Design a star schema
Design a star schema for e-commerce analytics: a fact_orders table at the order-line grain, with dim_customer, dim_product, and dim_date dimension tables. Write the CREATE TABLE statements with appropriate indexes, define the grain explicitly, and explain your choice of surrogate keys versus natural keys.
Why this matters
The star schema is the most widely deployed data warehousing pattern for a reason: it makes analytical queries fast and readable. Understanding grain, surrogate keys, and slowly changing dimensions is the foundation that makes everything in an analytics stack work correctly; dbt models, BI tool queries, and executive dashboards all depend on getting this right.
Before you start
- Understanding of what a primary key and foreign key are
- A SQL database (Postgres or DuckDB both work for this exercise)
- Basic understanding of what an analytical query looks like (GROUP BY, aggregate functions)

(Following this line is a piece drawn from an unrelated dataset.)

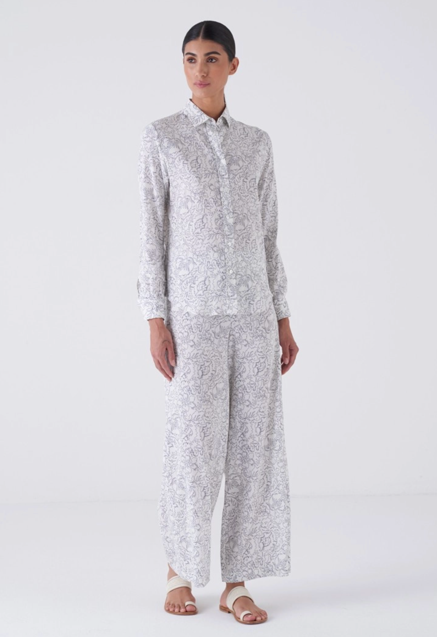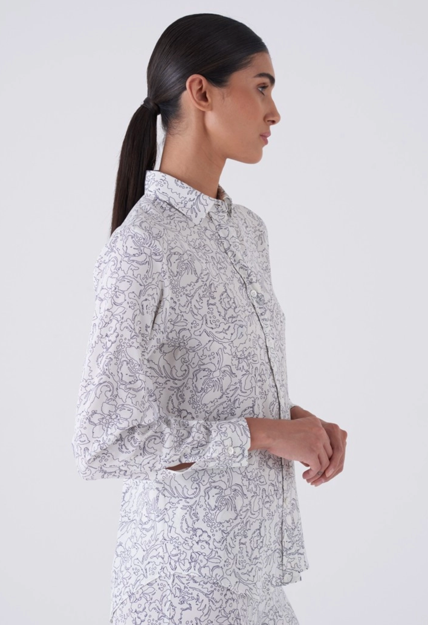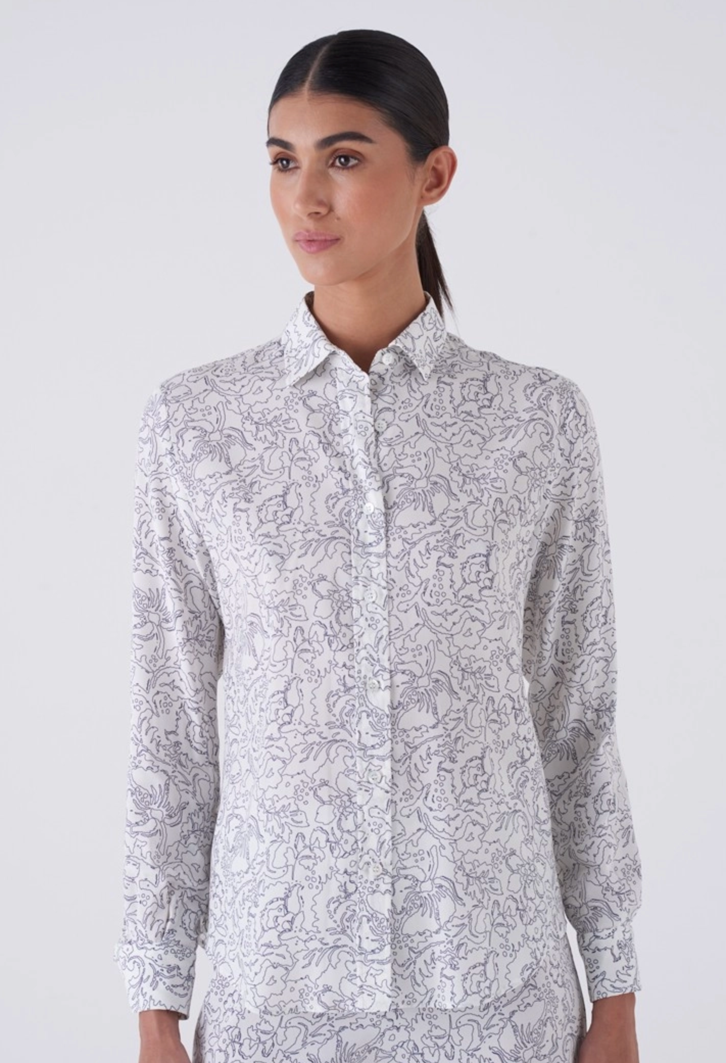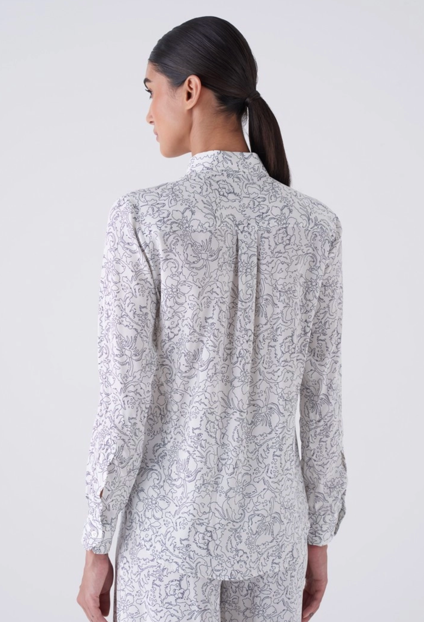 Long-sleeve stretch satin shirt with screen print

- No prior data warehousing experience required
Step-by-step guide
- 1
Define the grain
Write one sentence defining the grain of the fact table: 'Each row in fact_orders represents one line item from one order placed by one customer for one product on one date'. The grain determines which columns belong in the fact table and which belong in dimensions. Write this sentence before touching SQL.
- 2
Design the dimension tables
Write CREATE TABLE statements for dim_customer (customer_sk surrogate key, customer_id natural key, name, email, country, valid_from, valid_to for SCD2), dim_product (product_sk, product_id, name, category, unit_price), and dim_date (date_sk integer YYYYMMDD, date, year, quarter, month, day_of_week, is_weekend).
- 3
Design the fact table
Write CREATE TABLE for fact_orders (order_line_sk surrogate key, order_id, customer_sk FK, product_sk FK, date_sk FK, quantity, unit_price, discount_amount, net_revenue). Net_revenue is a derived metric worth pre-computing; explain why you chose to store it rather than calculating it at query time.
- 4
Add indexes
Add indexes on every foreign key column in fact_orders (customer_sk, product_sk, date_sk). Add a composite index on (date_sk, customer_sk) for the most common query pattern: 'revenue by customer for a date range'. Explain why you would not add more indexes on a fact table that receives millions of inserts per day.
- 5
Write three analytical queries
Write: monthly revenue by product category, top 10 customers by revenue in the last 90 days, and revenue for new customers (first purchase in the last 30 days) vs returning customers. All three should run without subqueries; if they require subqueries, your schema has a structural issue.